Directed by Darren Aronofsky
Starring Natalie Portman, Mila Kunis, Vincent Cassel, Winona Ryder, Barbara Hershey
It makes perfect sense that Darren Aronofsky, (The Wrestler, Requiem For A Dream), one of the finest of the current crop of American directors, would make a film about the price of perfection. As an artist, there’s no doubt that it’s something that he must struggle with; the personal sacrifices necessary to attain greatness. In the character of Nina (Portman), a driven ballerina desperate to land the lead role in a production of Swan Lake, he has the perfect vehicle with which to explore how the sublimation of the personality in the service of art can have terrible, even damning consequences.
It’s heady stuff, and Portman excels in a role that is not only central to the film, in many ways it is the film. As the story progresses and Nina’s rivalry with new dancer Lily (Kunis) progresses, it becomes apparent that much of the film is subjective, taking place within Nina’s fragile and increasingly damaged mind. Exactly how much is never quite made clear, but as hallucination mounts on hallucination, and the film becomes more and more surreal we come to understand that what are seeing is the self-destruction of a mind from the inside.
It’s the relationship between Nina and Lily that drives the film, and though we might expect great acting from Portman by this stage of the game, it’s Kunis who really surprises with her confident, provocative performance. She is the black to Portman’s white: Lily is bold where Nina is withdrawn, brazen in her sexuality while Nina is almost frigid, and as the film progresses the question arises as to whether Lily is a real person at all, or the personification of Nina’s hidden desires and hungers, conjured up by her fracturing psyche.

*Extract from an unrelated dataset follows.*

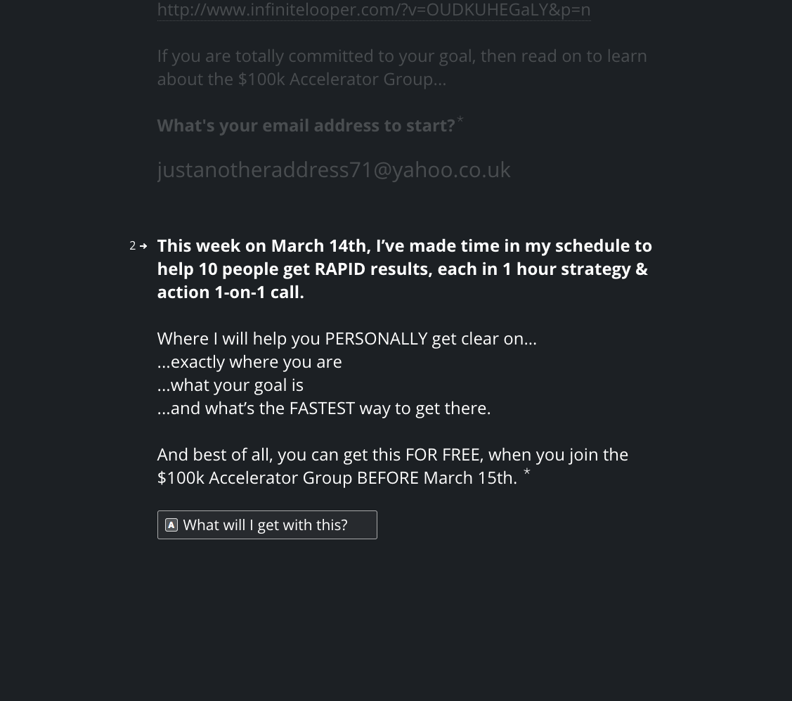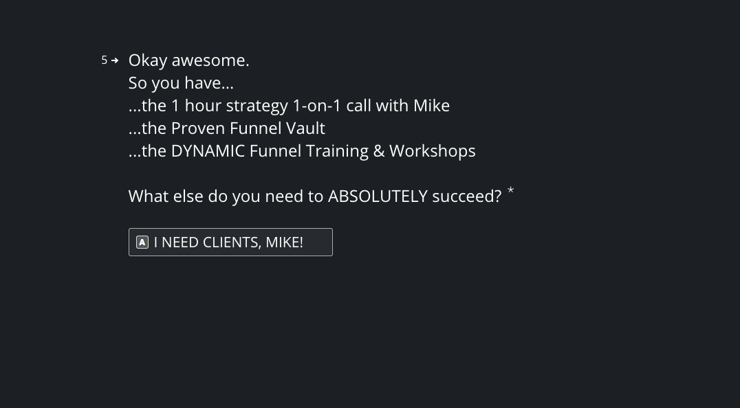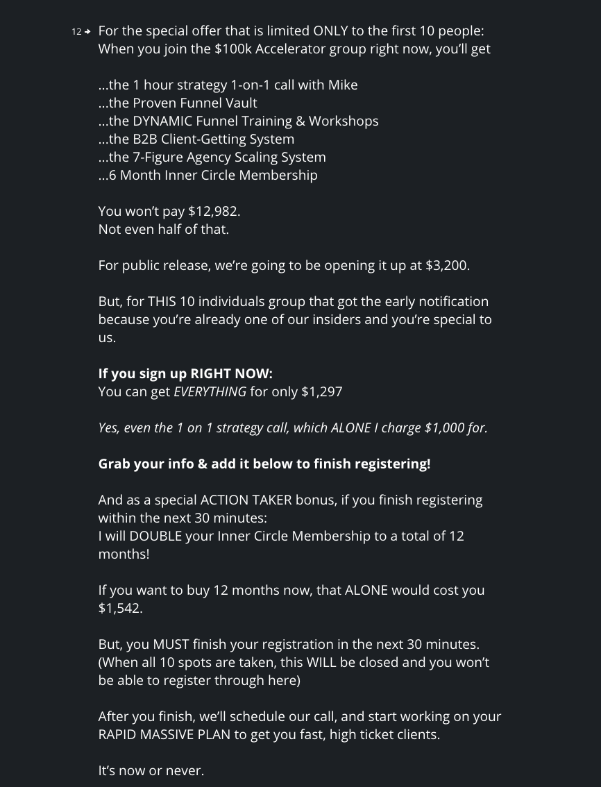 Mike begins to stack the value, adding more and more to the offer. It’s a lot. And each CTA is unique: sometimes questions to prompt us to find out more, peppered with enthusiastic confirmations. This makes us think that while Mike is talking, we’re giving him actual responses which gives the illusion of control and that we’re guiding the conversation. We aren’t being sold to – we want this.

Aronofsky directs with the assured technical mastery we’ve come to expect from him, giving the proceedings a dark and glossy sheen that perfectly heightens the troubling, unsettling subject matter. The whole film has a strange and off-kilter mood that grows and grows until, by the time the credits roll, we have followed Nina so far down the rabbit hole it feels like we, too, are succumbing to her madness and despair. It’s an exhilarating film, but also an incredibly draining one that leaves the audience numb with emotional exhaustion. Make no mistake; although set in the world of professional dance, Black Swan is a horror movie, in much the same way that Requiem For A Dream is a horror movie, and with a similar psychological toll on the viewer.
To say anything more would be a disservice. This is, quite simply, one of the best films of the year, cementing Aronofsky’s place in the filmmaking firmament. Delirious, demented, haunting and harrowing, filled with terrors both physical and psychological, Black Swan is a nigh-on perfect cinematic experience, an instant classic that will be talked about for years to come. See it.